Consider a vertical spring with spring constant 28.43 N/m hanging from the ceiling. A small object with a mass of 1.281 kg is added to the spring and the spring stretches to its equilibrium position. The object is then pulled down a distance of 11.95 cm and released. What is the speed of the object a distance 8.927 cm from the equilibrium point?
We can start by finding the potential energy (PE) converted to kinetic energy (KE) as the object moves from the stretched position to the given distance from the equilibrium point.

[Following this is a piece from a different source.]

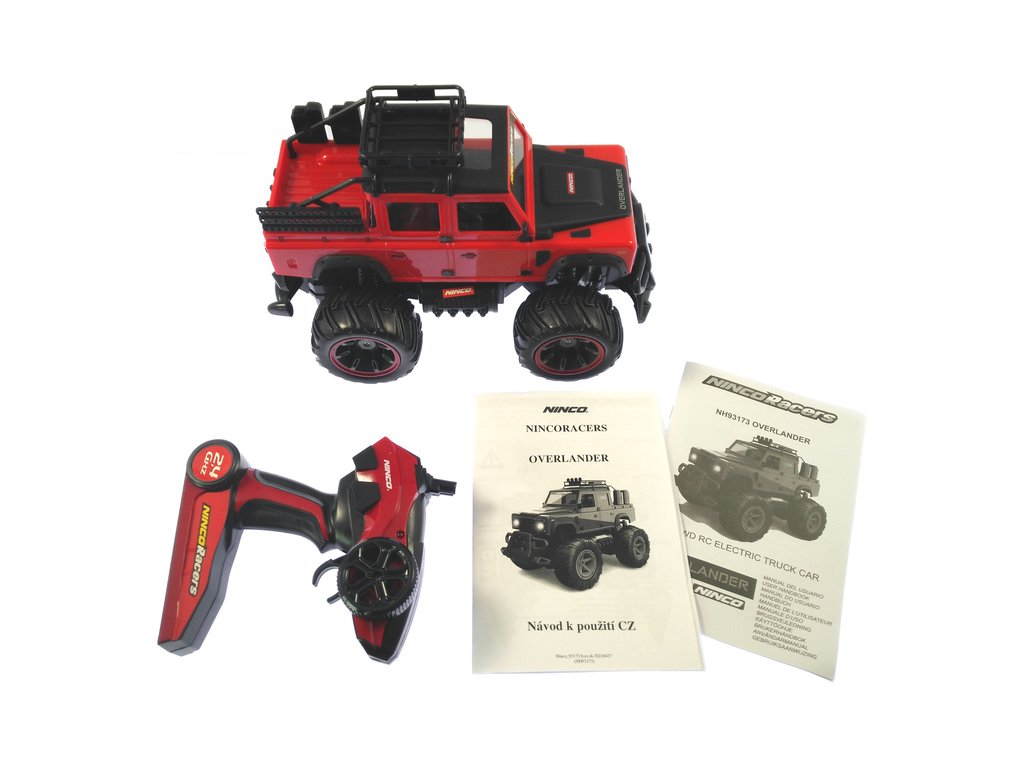 Balení obsahuje model auta na dálkové ovládání NINCORACERS Overlander, vysílač 2,4 Ghz. Návod CZ a manuál EN, DE, IT, NO, SE, NL, ES, PT FR, DK, FI.

At the stretched position:
PE_initial = (1/2) * k * (x_initial)^2
= (1/2) * 28.43 * (0.1195)^2
= 0.2028683525 J
At the given distance from the equilibrium point:
PE_final = (1/2) * k * (x_final)^2
= (1/2) * 28.43 * (0.08927)^2
= 0.11379616274 J
The difference in potential energy is converted to kinetic energy:
Delta_PE = PE_initial - PE_final
= 0.2028683525 - 0.11379616274
= 0.08907218976 J
Now we can find the speed of the object using the kinetic energy formula:
KE = (1/2) * m * v^2
0.08907218976 J = (1/2) * 1.281 kg * v^2
Solve for v:
v^2 = (2 * 0.08907218976 J) / 1.281 kg
v = sqrt((2 * 0.08907218976 J) / 1.281 kg)
v = 0.3944 m/s
The speed of the object at a distance of 8.927 cm from the equilibrium point is approximately 0.3944 m/s.